◆ Extracted material:
.....

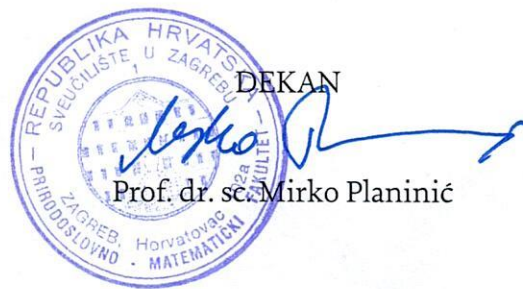
Prof. dr. sc. Mirko Planinić

Ovaj Pravilnik objavljen je na oglasnoj ploči i internetskoj stranici Sveučilišta u Zagrebu Prirodoslovno-matematičkog fakulteta, Geografskog odsjeka 27. 9. 2023. i stupa na snagu 5. 10. 2023.
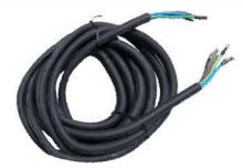
สายไฟขนาดยาว 4.3 เมตร
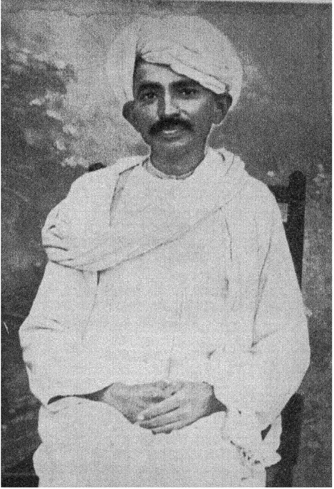
मोहनदाम करमचन्द गांधी
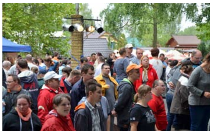
Koncert zgromadził rekordową liczbę uczestników.

wiat stawia przede wszystkim na rozwój więzi międzyludzkich i przełamywanie stereotypów, a tym samym na integrację społeczną, bo czy można znaleźć lepszą okazję do wzajemnych spotkań niż dobra zabawa i muzyka? – powiedział starosta Tadeusz Skatuła podczas otwarcia koncertu, w którym jeszcze osiem lat temu uczestniczyło ok. 200 osób.
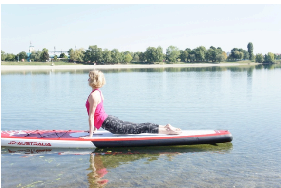
Slika 21.– Položaj planine
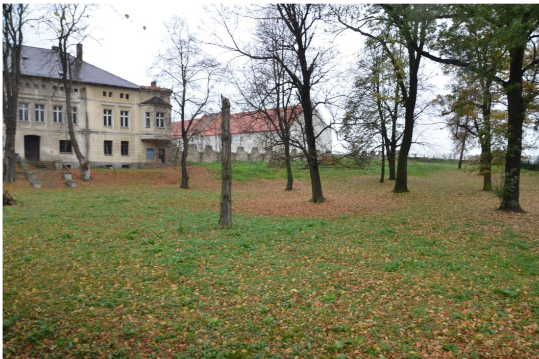
Fot. Wąwolnica – Park pałacowy

Rezydencja o cechach neorenesansowych, wzniesiona po 1840 roku, remontowany po 1985 roku. Pałac murowany z kamienia i cegły, otynkowany, założony na planie prostokąta, podpiwniczony, dwukondygnacyjny, z zagospodarowanym poddaszem, nakryty dachem czterospadowym i płaskim nad dobudówką. Elewacje zachowały liczne detale architektoniczne: boniowane przyziemie, proste gzymsy nadokienne. Pałac skierowany jest elewacją frontową na dziedziniec folwarczny. Wokół dziedzińca zabudowania gospodarcze z drugiej połowy XIX w. Od południa do rezydencji przylega niewielki park krajobrazowy z drugiej połowy XIX w. W parku dominuje liściasty drzewostan: dęby, kasztanowce, jesiony.
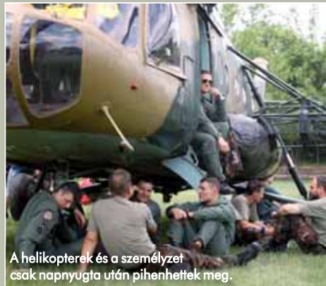
A helikopterek és a személyzet csak napnyugta után pihenhettek meg.

– A híradásokban, a mi jelentéseinkben is jelzett létszámok csupán a területen, a gátakon dolgozókról adnak információt. De nem szabad elfelejtenünk, hogy tevékenységüket további több száz
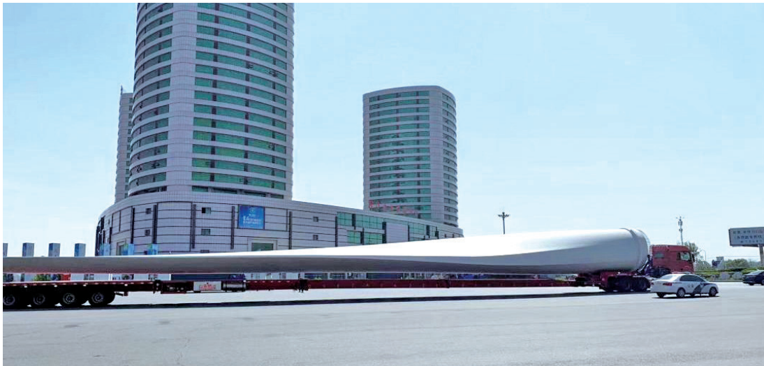
公司参与部分生产的 6.5 兆瓦发电机风叶。

投入的精力比较多,从店铺选址、装修到食材选择等各方面都反复尝试、精心安排,不负所望的是营业后店里每天都顾客爆满,第一个月流水就达到 25 万元人民币,虽然很累但很充实。”
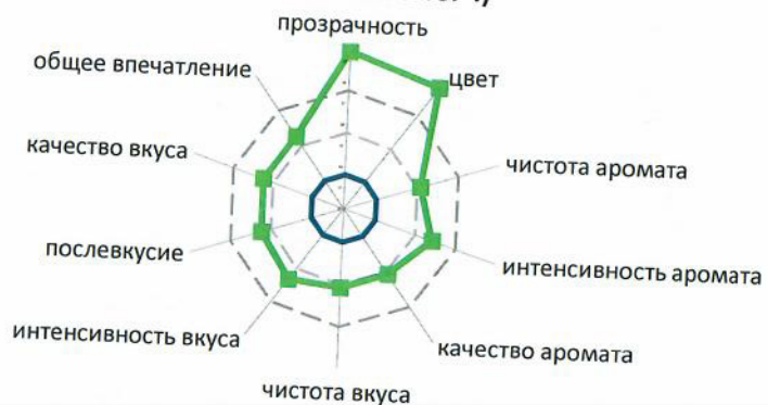
Рис.4.4. Сравнение качества образцов вина тихого (дегустация 09.09.2021 сет 4)
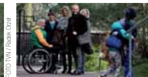
ITVN: serial „Sama słodczy” 26 maja, godz. 21.35

07:30 Podróżnik 07:55 Matka 24h film reż.: Marcin Janos Krawczyk 09:00 Nicolas Le Floch Tajemnica ulicy Zakonników 10:00 Dzika Polska U klumpy na imieninach 10:35 Makłowicz w podróży 11:15 Legenda 27 Wołyńskiej Dywizji Pechoty AK film reż.: Maria Wiśnicka Andrzej Wyrozębski 12:05 Sny stracone sny odzyskane film reż.: Arkadiusz Gołębiowski 12:40 Cafe Historia 13:00 Królowa chmur reż.: Radosław Piwoński 14:25 Mama film 15:00 Było nie minęło kronika zwiadowców historii 15:35 Ex Libris 15:50-16:25 Sensacje XX wieku 17:00 Nicolas Le Floch Tajemnica ulicy Zakonników 18:05 Kalendarium historyczne W pogardzie i chwale Wojciech Korfały 19:00 Dziennik telewizyjny 19:45 Kolo historii: Zamach na Pierackiego 20:20 Spór o historię Francuska kolaboracja 21:00 Flesz historii 21:25 Było nie minęło kronika zwiadowców historii 22:00-22:35 Sensacje XX wieku 23:00 Legenda 27 Wołyńskiej Dywizji Pechoty 00:10 Dzieci Zamajsczyzny film 01:00 Niemcy film reż.: Dariusz Król 01:40 Serce matki 03:10 Zakończenie dnia
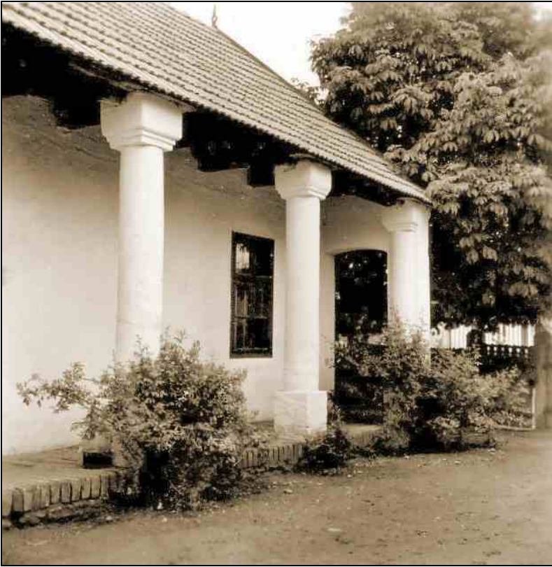
Sztálin út 260.
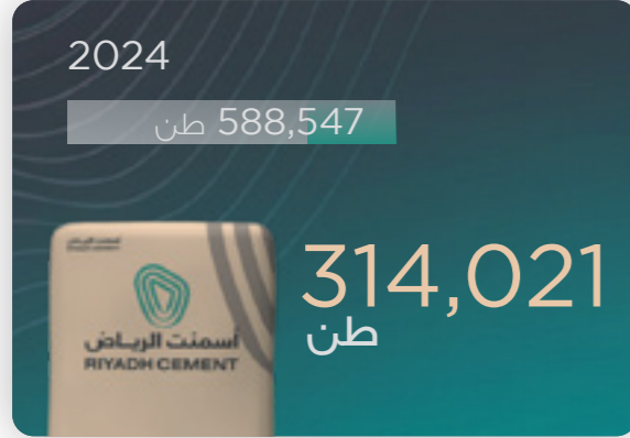
الإنتاج (الكلنكر الأبيض)

وتظل الشركة ملتزمة بالتركيز على التخصيص الرشيد لرأس المال، وتقديم خدمة عملاء متميزة، والالتزام بالتميز التشغيلي بهدف خلق قيمة طويلة الأجل ومستدامة.
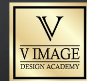
브이 이미지 아카데미 V IMAGE DESIGN ACADEMY (Malaysia / Guangzhou / Shenzhen / Indonesia )
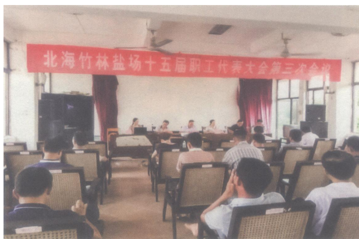
2019年4月30日，北海竹林盐场召开十五届职工代表大会第三次会议
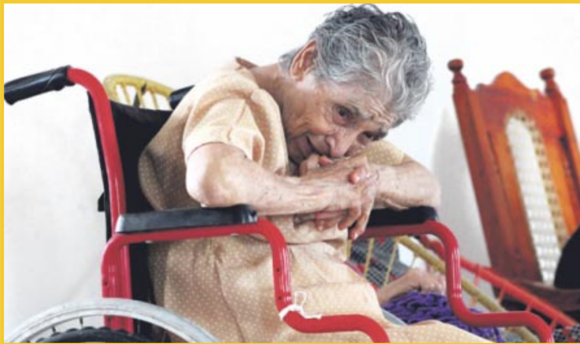
En Cancún, muchos adultos mayores pasan la mayor parte del tiempo solos y sin comida.
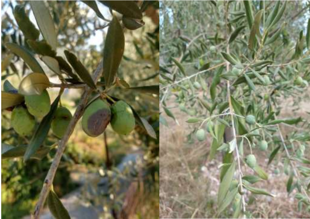
Danni da mosca zona Darsella
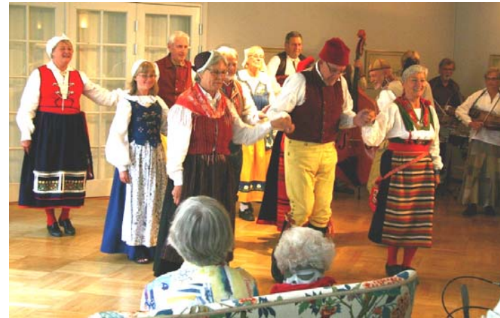
Ryska Polskan ...
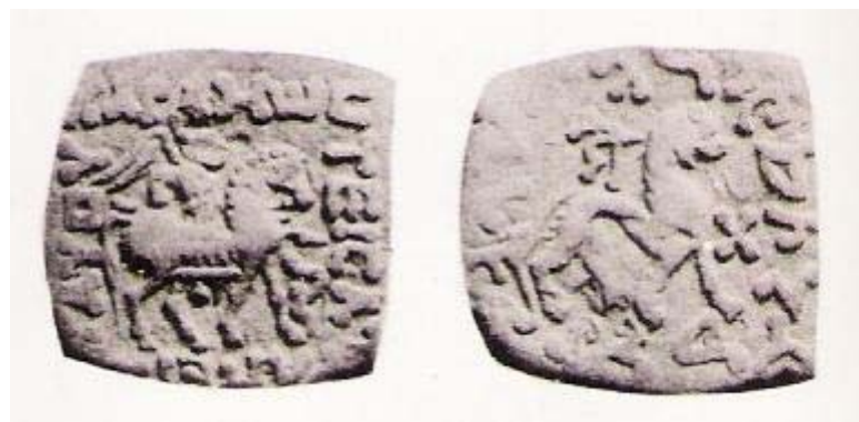
پر سكو باندي د خروشتي الفبې نمونې:

د معاصر افغانستان او هغه ته په ورڅېرمه (خصوصاً لوېديځو) بيلو بيلو سيمو كښي د موندل شوو كتيبو (ليكنو) او سكو له مخي څخه د تاريخ پوهان وايي چې د دغو سيمو د بيلو بيلو ژبو له پاره خروشتي الفبې رواج وه. خروشتي د يو ډول لرغوني الفبې نوم دى نه د يوې ژبې. دلته لاندي د خروشتي الفبې نمونه وگورئ:
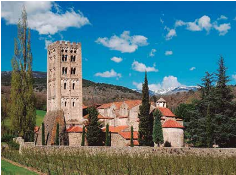
El monestir de Sant Miquel de Cuixà.

Llista dels monestirs del temps d'Oliba restaurats per la Diputació de Barcelona:
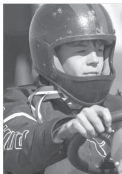
Главное – разумный риск

Надев рабочие перчатки, депутат горсовета снова будет мастерить лавочки и рассказывать интересные случаи из истории слетов.
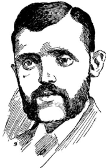
Натуралист Реймонд Ньюкомб
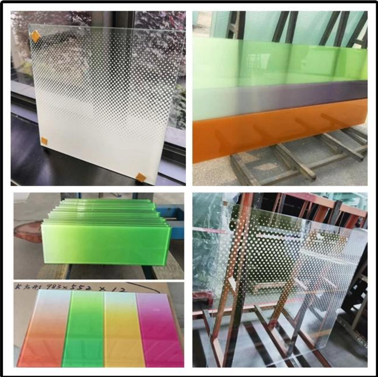
Hình ảnh sản xuất kính trang trí nội thất 12 mm
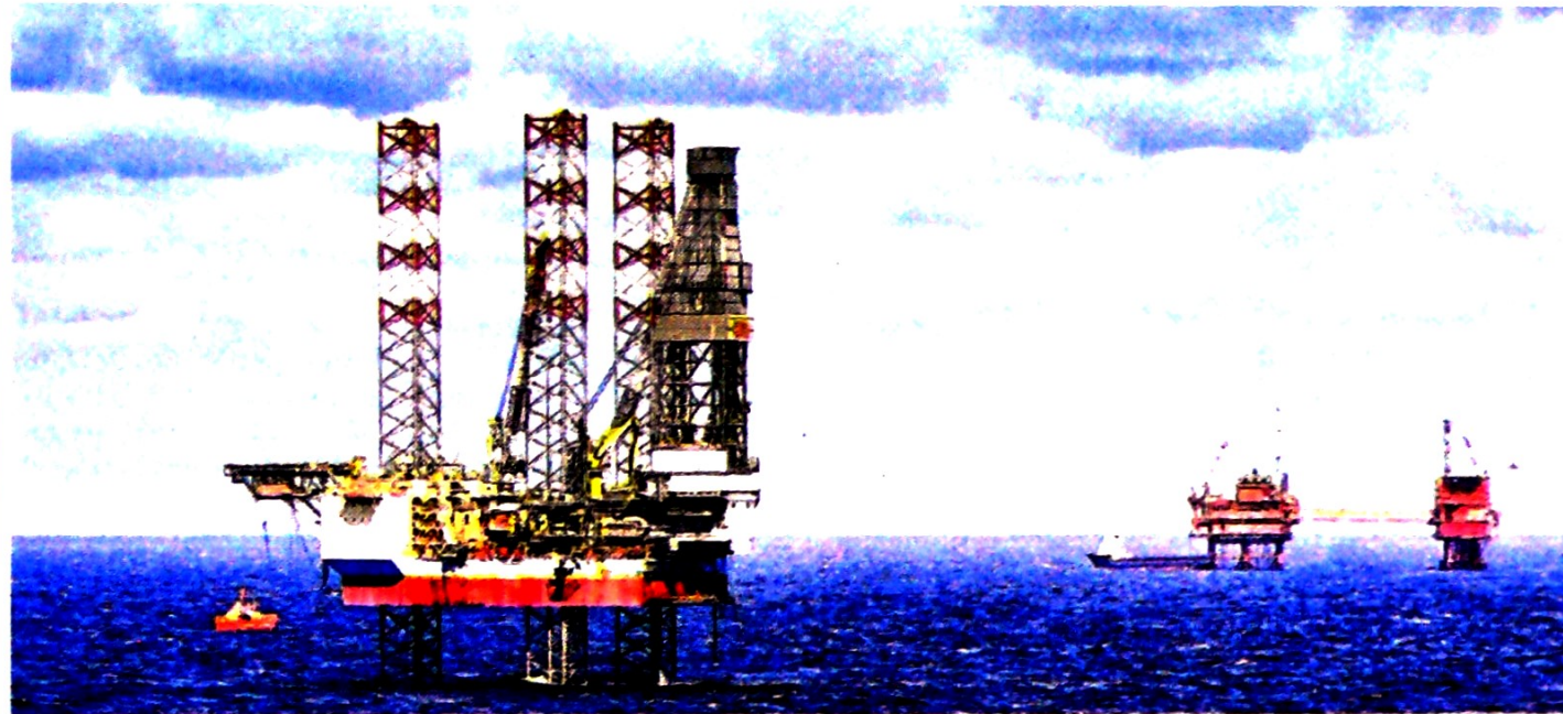
En total, Ecopetrol tiene presencia en seis bloques exploratorios ubicados en aguas del mar Caribe colombiano.

En su estrategia de seguir ampliando la operación
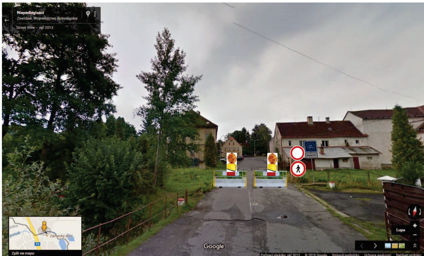
Pohled na hraniční přechod Habartice ve směru od Polské republiky – návrh dopravního značení B1 „zákaz vjezdu všem vozidlům“ a betonového svodidla a B 30 Zákaz vstupu chodců a Z2

.....

◆ What is needed: Return every line holding the word "خروشتي" from the records.

◆ Solution to the problem:
پر سكو باندي د خروشتي الفبې نمونې:
د معاصر افغانستان او هغه ته په ورڅېرمه (خصوصاً لوېديځو) بيلو بيلو سيمو كښي د موندل شوو كتيبو (ليكنو) او سكو له مخي څخه د تاريخ پوهان وايي چې د دغو سيمو د بيلو بيلو ژبو له پاره خروشتي الفبې رواج وه. خروشتي د يو ډول لرغوني الفبې نوم دى نه د يوې ژبې. دلته لاندي د خروشتي الفبې نمونه وگورئ:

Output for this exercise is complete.